Timesharing (the style of computing from the 1970s) is making a comeback. Or rather, some of the concepts of timesharing are making a comeback. But first, what was timesharing and how was it different from computing at the time.
Mainframe computers in the 1960s were not the sophisticated devices of today, but simpler computers with equivalent power of an original IBM PC (5 MHz processor, 128KB RAM). They were, of course, much larger and much more expensive. Early mainframes ran one program at a time (much like PC-DOS). When one program finished, the next could be started. They had one "user" which was the system operator.
Timesharing was a big change in computing. Computers had become powerful enough to support multiple interactive users at the same time. It worked because interactive uses spent most of their time thinking and not typing, so a user's "job" is mostly waiting for input. A timesharing system held multiple jobs in memory and cycled among each of those jobs. Timesharing allowed remote access ("remote" in this case meaning "outside of the computer room") by terminals, which meant that individuals in different parts of an organization could "use the computer".

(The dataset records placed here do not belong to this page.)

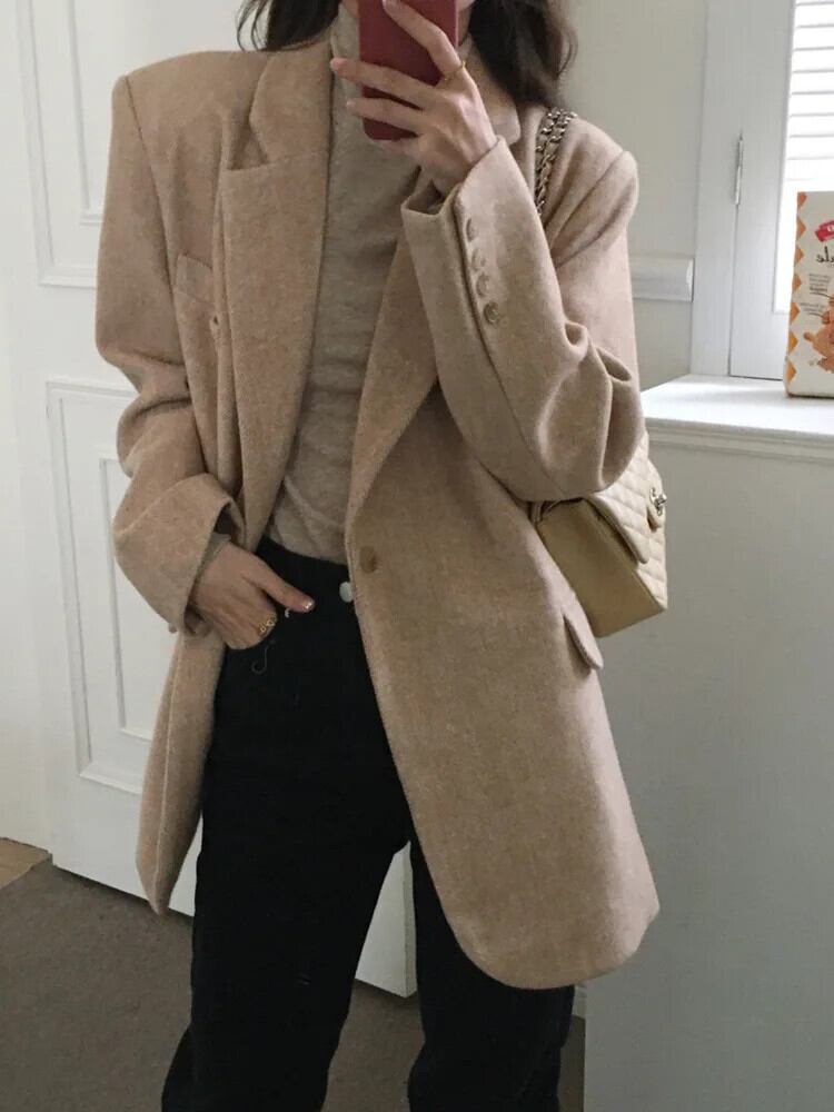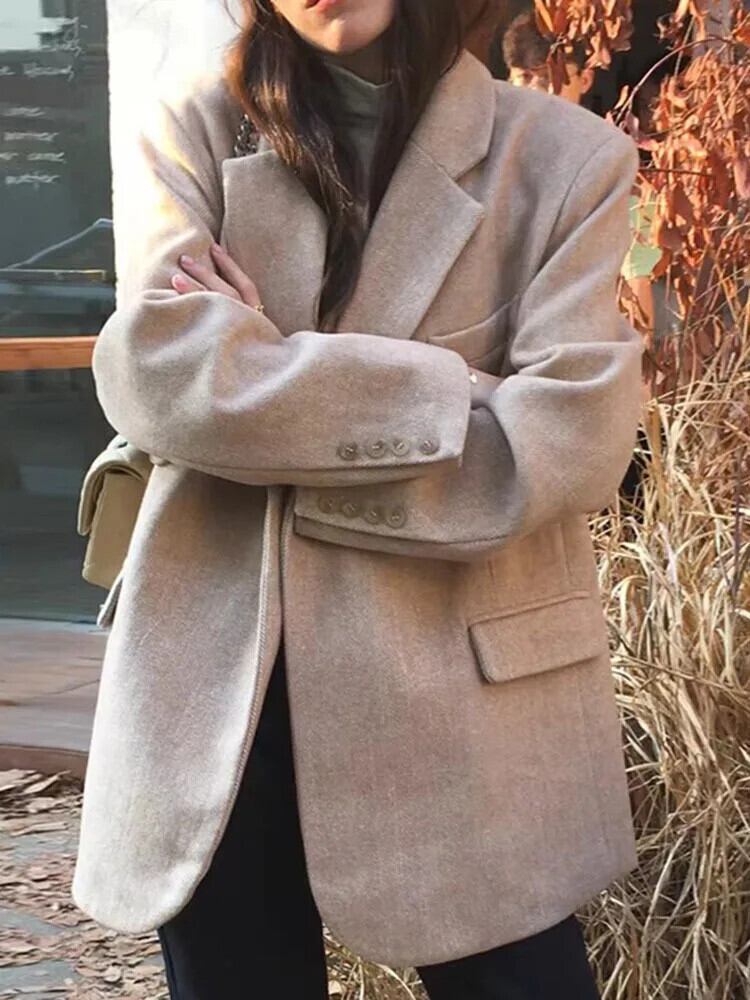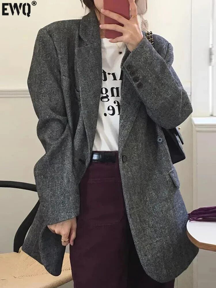 [EWQ] スーツ襟シングルブレストポケット長袖ヘリンボーンカーディガンジャケットアウターコート秋冬 16U5839 ロング オータム 秋物 ウィンター 冬物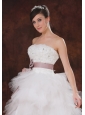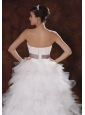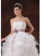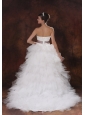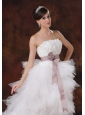 Flowers Decorate High-low Wedding Dress With Brush Train Belt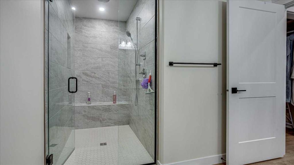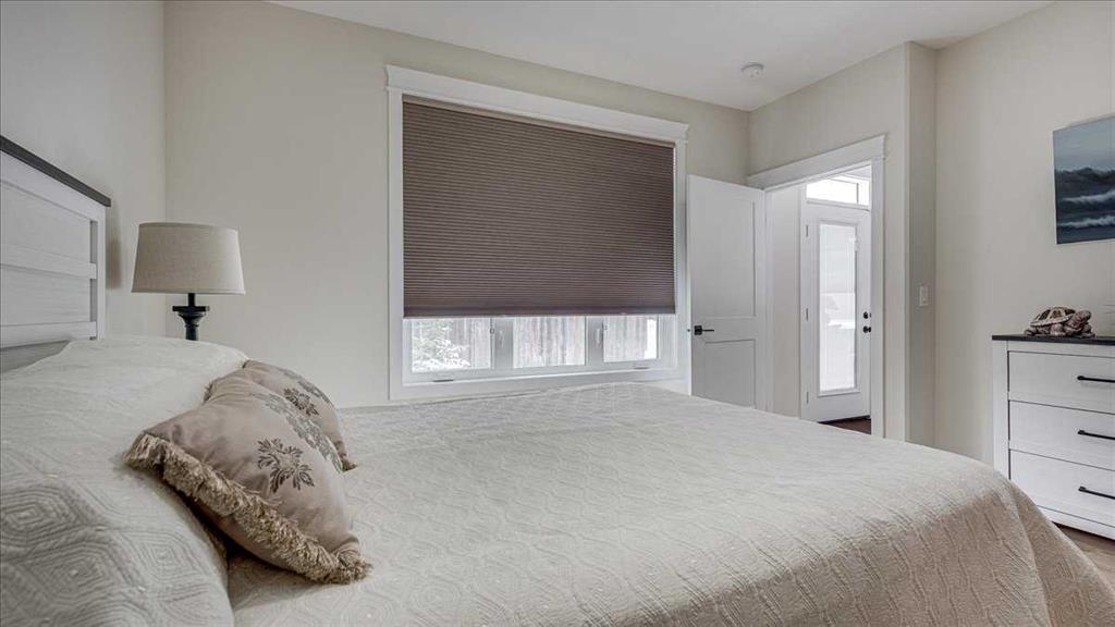 The spacious primary suite serves as a private retreat, complete with a walk-in closet featuring custom wood shelving and a spa-inspired ensuite. Here you’ll find dual sinks, beautiful quartz counters, and an oversized glass and tile walk-in shower with a built-in bench. For added ease, laundry is conveniently located within the suite—all intentional design choices that enhances day-to-day living. Designed with accessibility in mind, all doorways accommodate wheelchair use, and the home supports aging-in-place and long-term residency.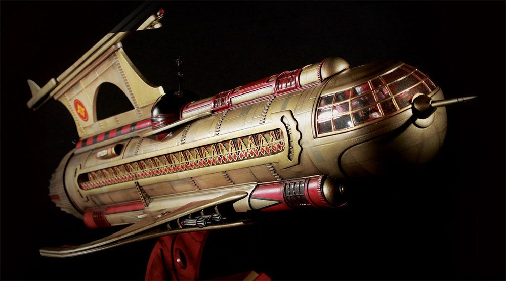 Aqui outra roubadinha, porque a origem também é nos quadrinhos, mais precisamente da obra de Alex Raymond, Flash Gordon. Estreando em 1934, ganhou as telas de cinema dois anos depois, e teve um remake esquisitão em 1980. Mas o design de sua nave era tão legal que – confessadamente – inspirou o visual vintage das belíssimas Starship, que deverão mais dia menos dia levar a humanidade a Marte. Ou ao planeta Mongo.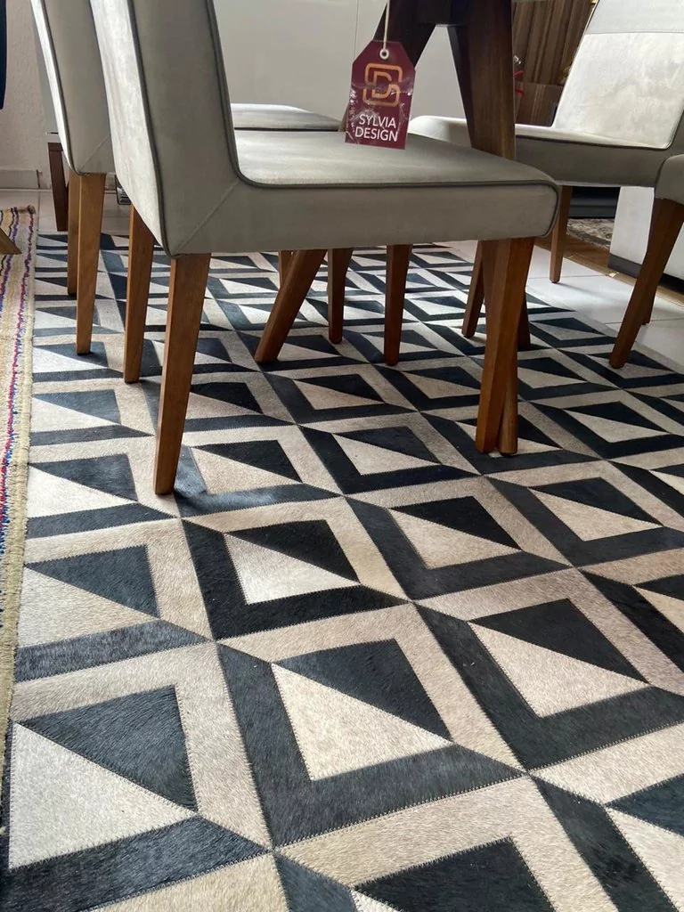 Confeccionado com recortes geométricos de couro legítimo natural em tons de preto e champanhe. Tapete forrado, antiderrapante , impermeável e com tratamento especial para decoração.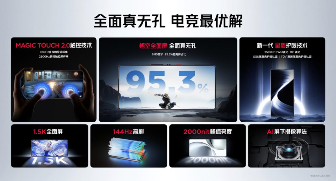 作为屏下技术的领航者,红魔在屏下技术上已经迭代到第七代。红魔10S Pro系列搭配6.85英寸、屏占比高达95.3%的悟空全面屏,做到全面真无孔,带给用户极具冲击的视觉体验。屏幕的1.5K分辨率、2000nit峰值亮度与144Hz自适应高刷组成视效黄金三角。极窄1.25mm黑边让游戏体验更胜一筹。
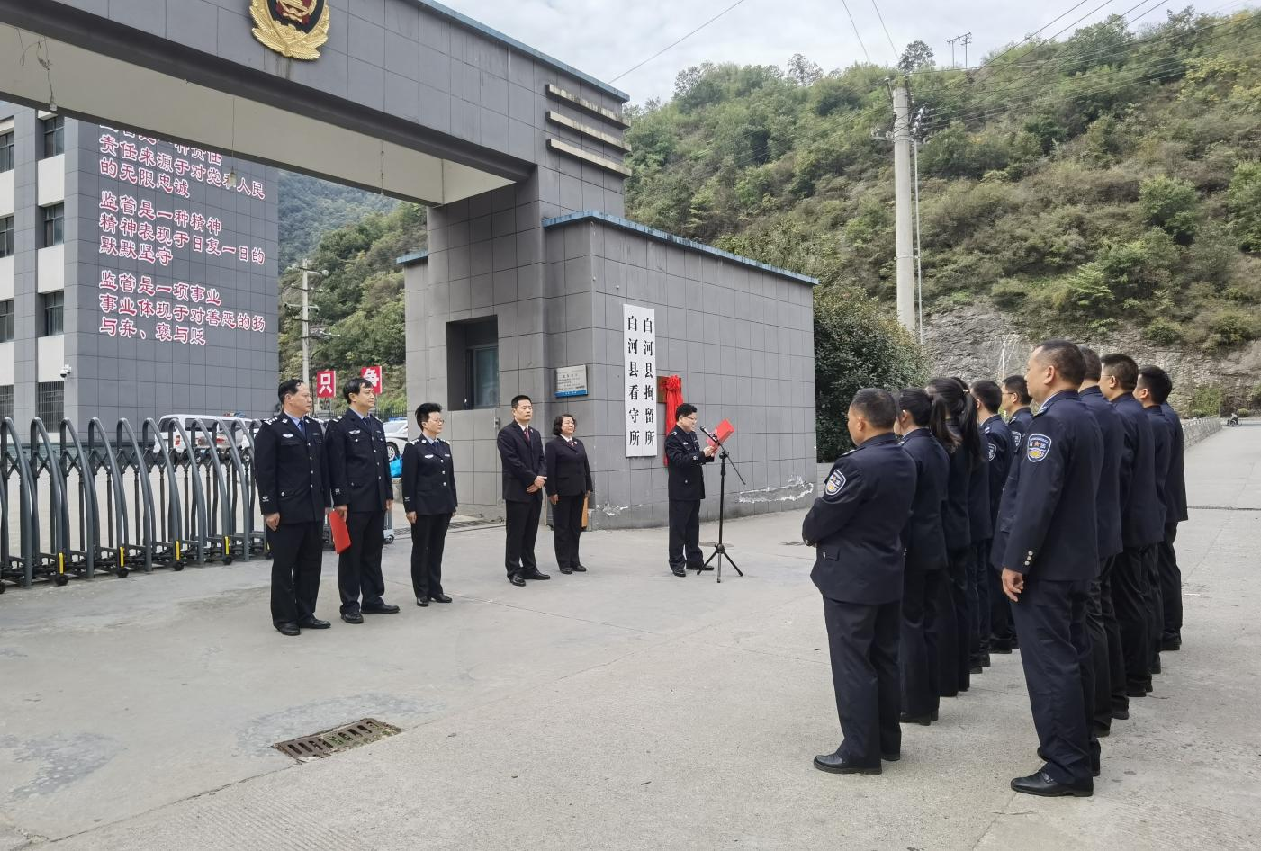 为进一步丰富社区矫正教育矫治形式,提升社区矫正工作质效,维护社会稳定,10月25日,陕西省安康市白河县人民检察院助推建立的该县第一个社区矫正警示教育基地在县看守所揭牌成立,该县公安局副局长程文晓、县检察院副检察长祝军、县司法局局长丁衍明等参加揭牌仪式。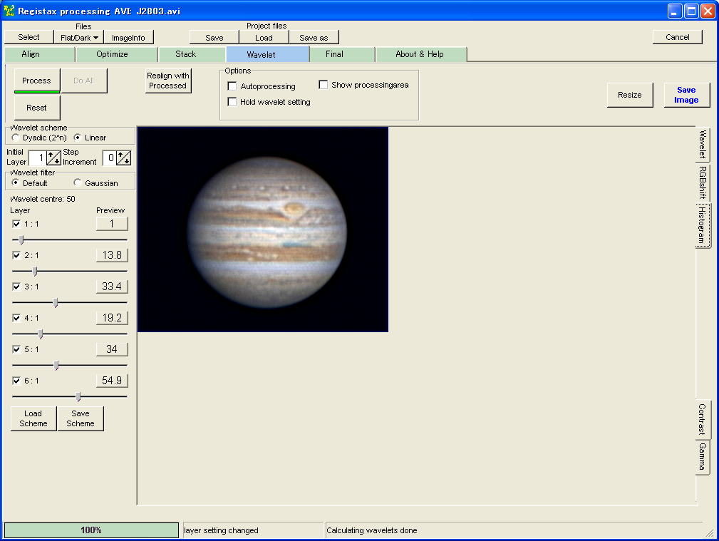 Registax は、Cor Berrevoets氏(オランダ)が2002年から公開しているフリーウェアです(現在はバージョン3として、http://registax.astronomy.net/からダウンロードできます)。多くの画像から自動的に良像を判定し、その位置合わせを行い、そして良像だけをスタック(コンポジット処理)してくれます。こうして得られた滑らかなノイズのないスタック画像から、さらにウェーブレット(wavelet)画像処理を行うことで、驚くような高解像度の惑星画像が得られます。
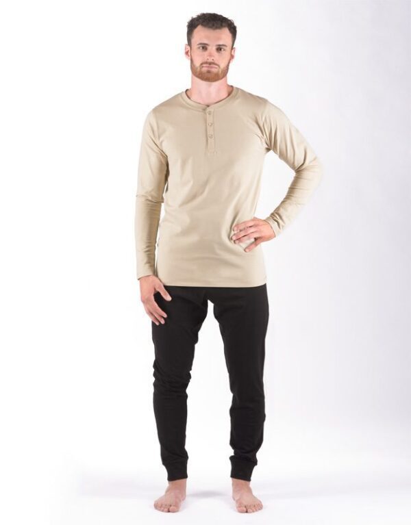 Zabudnite na kompromisy počas nočných hodín a zažite maximálne pohodlie s týmto elegantným pánskym pyžamom! Vrch je vybavený praktickou rozhalenku s tromi decentnými gombíkmi a dlhými rukávmi, ktoré vás zahrejú aj počas chladných večerov. Dlhé nohavice s manžetou na zakončení perfektne sedia, nevyhŕňajú sa a pohodlne držia tvar. Jednofarebný dizajn je nadčasový a podčiarkuje mužskú eleganciu, zatiaľ čo jemná bavlna (95 % v tričku, 100 % v nohaviciach) v kombinácii s elastanom (5 % v tričku) prináša príjemnú pružnosť a mimoriadne pohodlie pre každodenné nosenie. Prírodný úplet je vhodný aj pre citlivú pokožku, rýchlo odvádza vlhkosť a zachováva si stálosť tvaru i po mnohých praní. Ideálny set nielen na spánok, ale aj na domáce leňošenie. Vďaka tejto kvalite budete vyzerať sebavedome a cítiť sa výnimočne každý večer. Doprajte si pocit luxusu, ktorý si zaslúžite!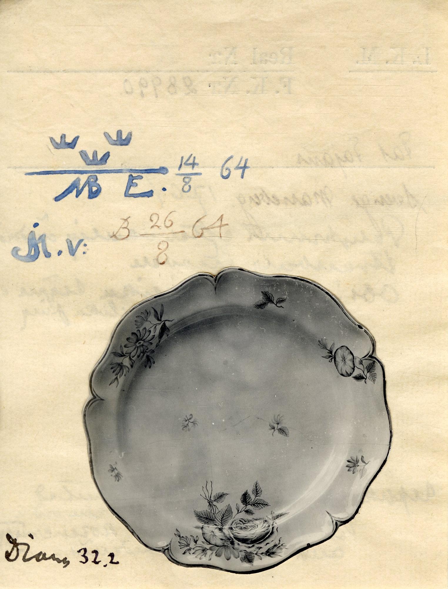 - Med fem innypningar i kanten, som är accentuerad av en linje i mangan. På brättet är målat en större och två mindre blomsterkvistar. Den större har en ros i mangan och en klart blå blomma. Den gröna färgen är svag och blågröngrå.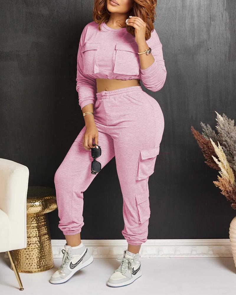 Pocket Design Crop Sweatshirt & Cuffed Sweatpants Set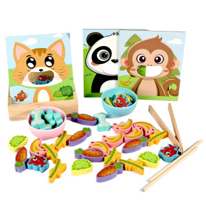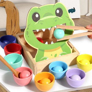 儿童早教颜色分类教具幼儿园色彩启蒙教育认知配对喂食游戏木质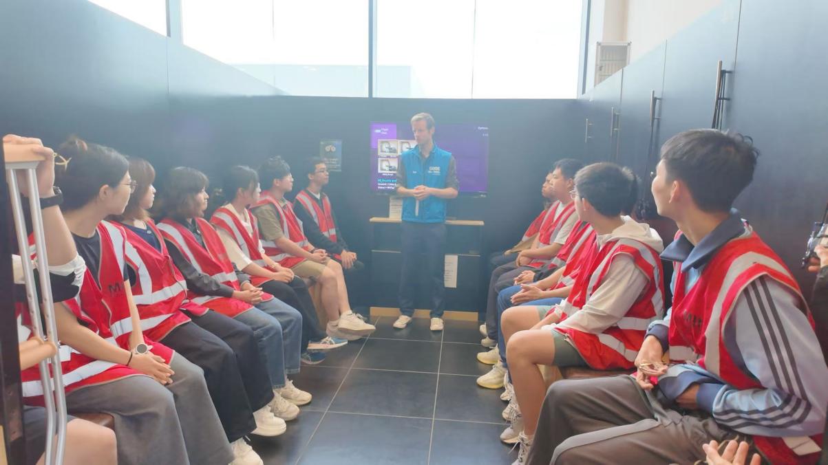 在牛津?qū)汃RMINI工廠,同學(xué)們見識了現(xiàn)代智能制造的精密與高效。作為MINI品牌全球核心生產(chǎn)基地,這里以高度自動化著稱。師生分組觀摩整車裝配線與白車身制造車間,深入了解工業(yè)機器人協(xié)同作業(yè)、模塊化裝配等先進技術(shù),尤其對數(shù)千零部件的高精度集成過程印象深刻,深刻體會到跨學(xué)科技術(shù)在產(chǎn)業(yè)中的融合應(yīng)用。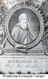 Всеволод Юрьевич Большое Гнездо (1154 - 1212 гг.) - сын Юрия Долгорукого, внук Владимира Мономаха, дед Александра Невского, великий князь владимирский с 1176 г. свое прозвище получил за многочисленное семейство (восемь сыновей, четыре дочери). Разгромив князей, претендовавших на стольный г. Владимир, и ростовских князей, противившихся усилению его власти, Всеволод Юрьевич конфисковал их земли и имущество. Активно боролся за усиление своей власти над русскими землями. Во время его правления начался расцвет культуры Владимирского княжества.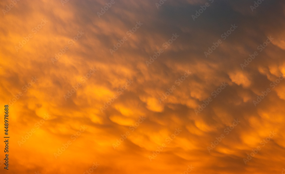 Wandkleed Zonsondergang mammatus wolken na een storm. Servië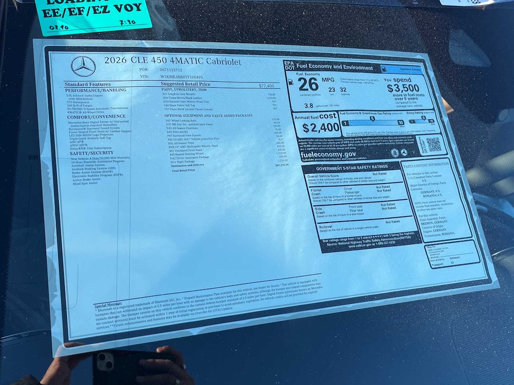 EXCELLENT SAFETY FOR YOUR FAMILY Cross-Traffic Alert, Electronic Stability Control, Brake Assist, 4-Wheel ABS, 4-Wheel Disc Brakes, Tire Pressure Monitoring System Mercedes-Benz CLE 450 with Graphite Grey Metallic exterior and Tonka Brown/Black interior features a Straight 6 Cylinder Engine with 375 HP at 5500 RPM*.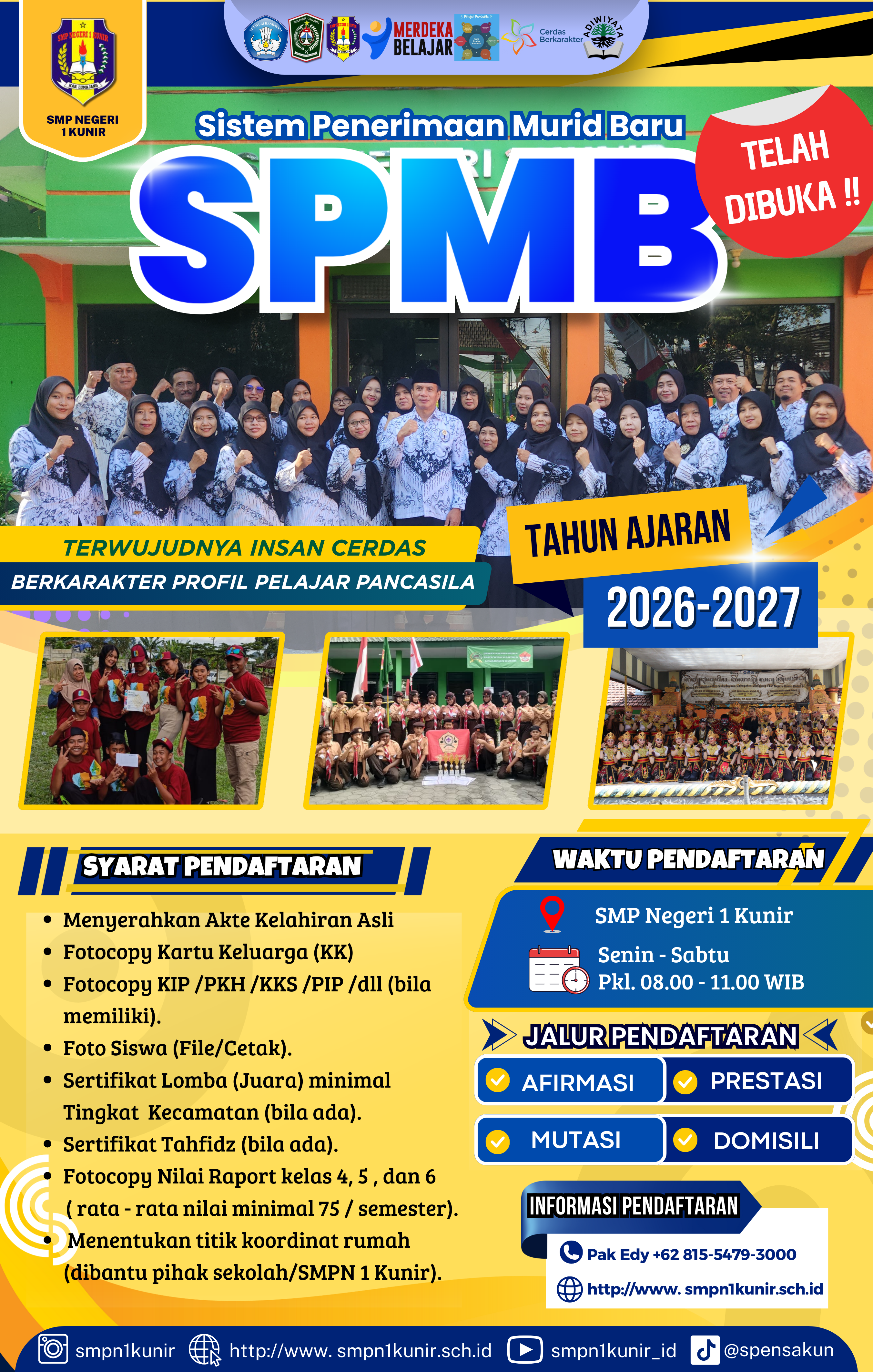 Sistem Penerimaan Murid Baru (SPMB) SMP Negeri 1 Kunir TP. 2026/2027

Timesharing raised the importance of time. Specifically, timesharing raised the importance of the time a program needed to run (the "CPU time") and the time a user was connected. The increase in computing power allowed the operating system to record these values for each session. Tracking those values was important, because it let the organization charge users and departments for the use of the computer. The computer was no longer a monolithic entity with a single (large) price tag, but a resource that could be expensed to different parts of the organization.
Now let's consider cloud computing.
It turns out that the cloud is not infinite. Nor is it free. Cloud computing platforms record charges for users (either individuals or organizations). Platforms charge for computing time, for data storage, and for many other services. Not every platform charges for the same things, with some offering a few services for free.
The bottom line is the same: with cloud computing, an organization has the ability to "charge back" expenses to individual departments, something that was not so easy in the PC era or the web services era.
Or, to put it another way, we are undergoing a change in billing (and information about expenses) that is not new, but has not been seen in half a century. How did the introduction of timesharing (and its expense information) affect organizations? Will we see the same affects again?
I think we will.
Timesharing made interactive computing possible, and it made the expense of that computing visible to users. It let users decide how much computing that wanted to use, and users had discretion to use more or less computing resources.
Cloud computing provides similar information to users. (Or at least the organizations paying for the cloud services; I expect those organizations will "charge back" those expenses to users.) Users will be able to see those charges and decide how much computing resources they want to use.
As organizations move their systems from web to cloud (and from desktop to cloud), expect to see expense information allocated to the users of those systems. Internal users, and also (possibly) external users (partners and customers).
Timesharing made expense information available at a granular level. Cloud computing does the same.